Malfoy felt his face burn, but wasn't going to let it master him. To be thought of stupid, by someone who could barely speak. He raised his wand, about to curse the wench, when he saw her recoil and crawl to the back of the shed in the dim light. From there he saw two strangely familiar eyes, though coming from the child, looking even to her enemy for comfort as she tried to bury herself deeply into the meager straw at her feet. "Bad one," she whispered. Malfoy stared at her as she began to tremble so violently that a few mild specks of dust rose up around her.
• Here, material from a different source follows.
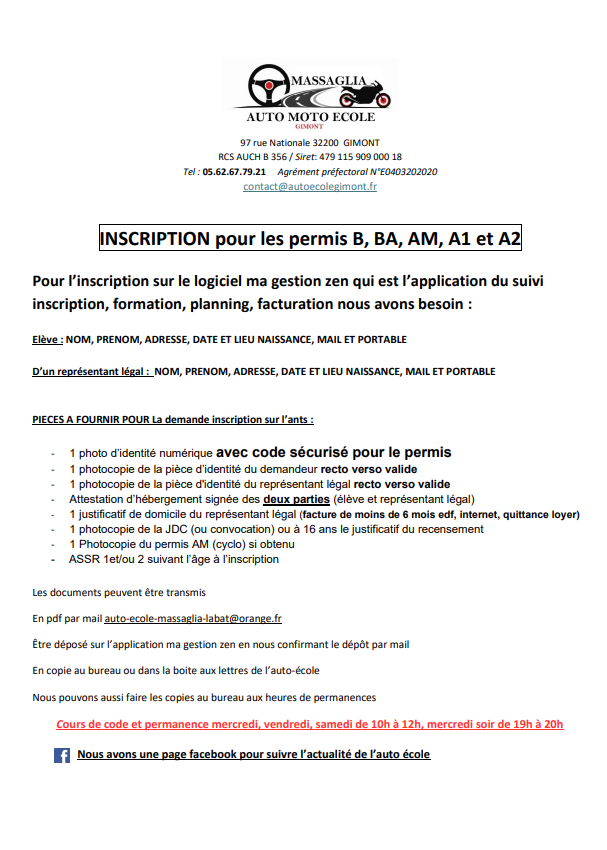 Les stages de codes sont organisés à chaque vacance scolaires sous réserve d’un minimum d’inscrit.
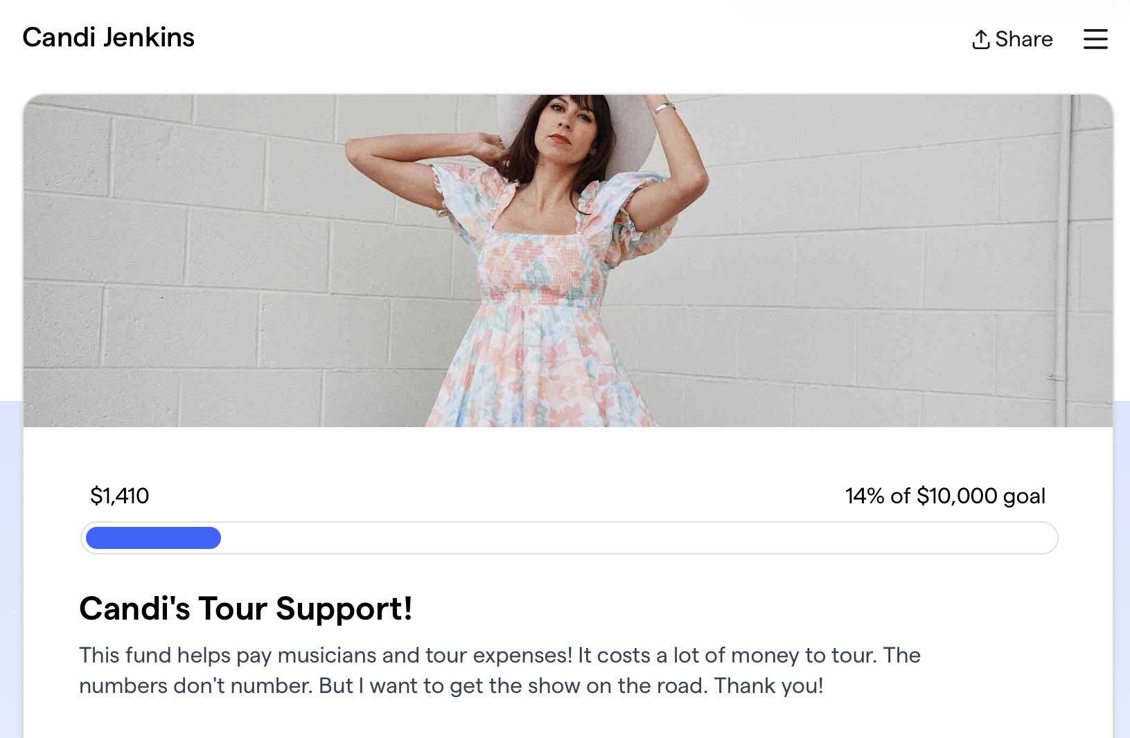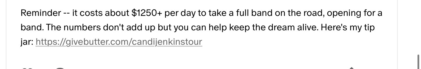 Linda’s daughter Katie Candi Jenkins Toupin inherited her mother’s first line unit when Linda “retired”. However, she’s still trying to make Candi Jenkins happen. She recently posted on her Patreon that it costs $1250 a day to take a full band on the road. If you’d like to help, she has a tip jar. It currently has raised $1410. So much for executive income.

The 'Bad One'; source of almost all current evil and pain in the world. He, even in the past fifteen years of his demise, had risen beyond the rank of a mere boogie man or spook. Even when an adult of the sorcerer's race know as the Sagi's spoke his name, it was with a giant tremor of unadulterated fear. They called him 'Trina', which was an old name that meant 'he who swallows the sun', because that was what he did. When he was in his power, he came recruiting once, and the elders talked about it like it was the end of the world. Everyone lost a son or daughter to the fight; Voldemort only managed to steal one or two for his 'cause'. For a child, even if she was a teenager, with so little experience of the outside world, it was downright terrifying to a deathly point.
"Now, Malfoy, don't tell me you were thinking of harming our guest," said a high, cold voice behind him. The wind blew, and he could hear the light swish of a long cloak.
Flinging himself down in front of the man, Malfoy said, "No master. I would never do such a thing." He kept his eyes on his master's shoes, not wanting to look into his red, cat pupil eyes.
"Of course you wouldn't," said Voldemort. "Now get up, Malfoy." Malfoy got up, at Voldemort's quiet command, and bolted the shed door, leaving Kera in the darkness. She could just hear, in her slowly growing knowledge of the English language, The Dark One saying. "I don't want to see anyone even thinking of laying a hand on that girl, without my say so, understand?" His voice became, if possible, more cold. "Little Kera can be more useful than you think. Much more useful."
'He knows my name,' Kera thought. Crawling to a corner with straw, she curled up, trying to nurse her wounded hands and magic, and block out the screams coming from Malfoy's punishment.